Reproduce word for word the lines between those holding "Luxurious Linens and" and "Laat de buurt", inclusive, and nothing else from the data below.

■ RECORDS FOR THIS EXERCISE ■
*** Begin section ***

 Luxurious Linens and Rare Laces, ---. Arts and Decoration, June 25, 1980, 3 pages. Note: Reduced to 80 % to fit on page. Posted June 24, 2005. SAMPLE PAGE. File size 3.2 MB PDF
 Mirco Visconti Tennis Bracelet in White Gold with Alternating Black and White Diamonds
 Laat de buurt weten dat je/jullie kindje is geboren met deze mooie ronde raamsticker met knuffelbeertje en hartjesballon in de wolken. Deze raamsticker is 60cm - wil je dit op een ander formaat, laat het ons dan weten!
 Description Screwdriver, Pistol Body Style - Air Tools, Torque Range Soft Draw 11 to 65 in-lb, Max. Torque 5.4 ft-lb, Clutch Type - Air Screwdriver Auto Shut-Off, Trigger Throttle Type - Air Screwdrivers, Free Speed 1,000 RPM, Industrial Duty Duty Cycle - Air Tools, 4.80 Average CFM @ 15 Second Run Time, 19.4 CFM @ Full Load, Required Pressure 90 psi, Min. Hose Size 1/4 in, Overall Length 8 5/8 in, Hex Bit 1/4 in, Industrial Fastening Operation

*** End section ***
*** Begin section ***

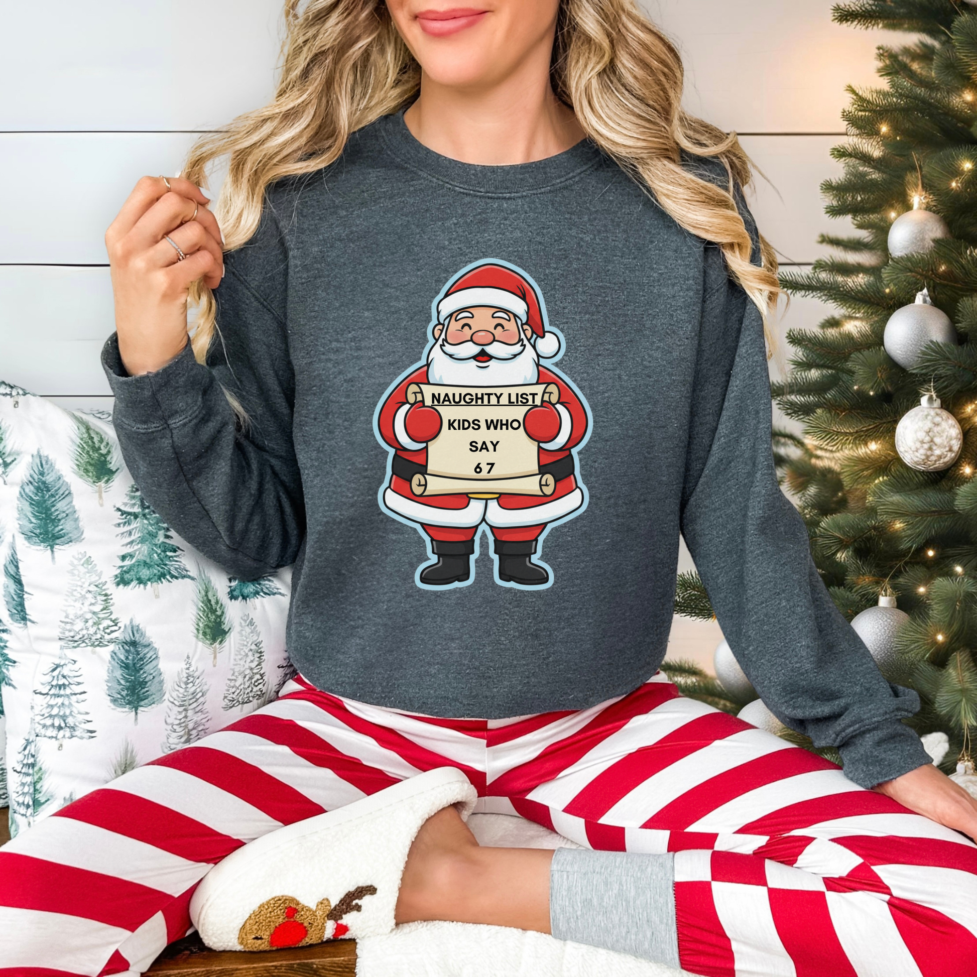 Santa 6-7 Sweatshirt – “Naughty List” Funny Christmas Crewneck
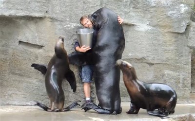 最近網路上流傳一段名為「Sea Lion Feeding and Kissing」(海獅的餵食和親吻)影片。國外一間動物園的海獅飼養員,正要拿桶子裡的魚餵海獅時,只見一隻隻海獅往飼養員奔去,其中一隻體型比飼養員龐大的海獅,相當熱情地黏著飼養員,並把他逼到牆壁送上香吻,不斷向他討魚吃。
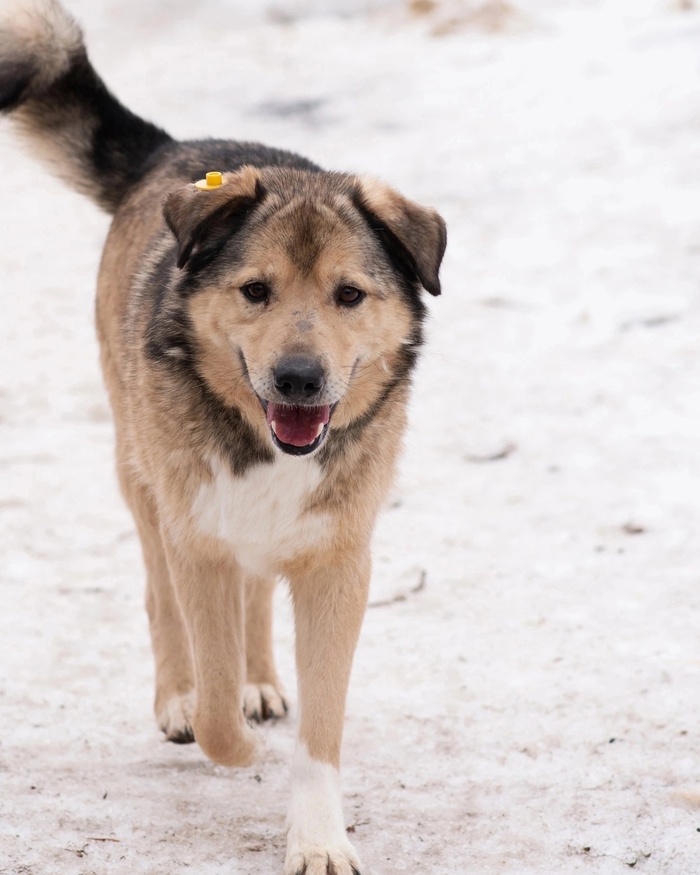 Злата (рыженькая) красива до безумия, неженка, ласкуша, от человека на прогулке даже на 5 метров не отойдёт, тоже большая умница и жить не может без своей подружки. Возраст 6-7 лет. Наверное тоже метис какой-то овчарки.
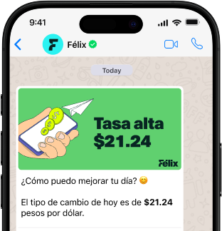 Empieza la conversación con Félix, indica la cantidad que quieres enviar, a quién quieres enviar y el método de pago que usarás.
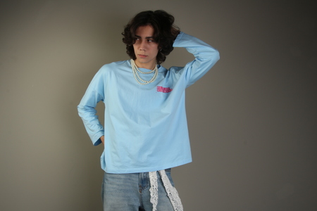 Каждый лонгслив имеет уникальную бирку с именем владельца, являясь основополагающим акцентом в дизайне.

*** End section ***

■ ANSWER BOX ■
 Luxurious Linens and Rare Laces, ---. Arts and Decoration, June 25, 1980, 3 pages. Note: Reduced to 80 % to fit on page. Posted June 24, 2005. SAMPLE PAGE. File size 3.2 MB PDF
 Mirco Visconti Tennis Bracelet in White Gold with Alternating Black and White Diamonds
 Laat de buurt weten dat je/jullie kindje is geboren met deze mooie ronde raamsticker met knuffelbeertje en hartjesballon in de wolken. Deze raamsticker is 60cm - wil je dit op een ander formaat, laat het ons dan weten!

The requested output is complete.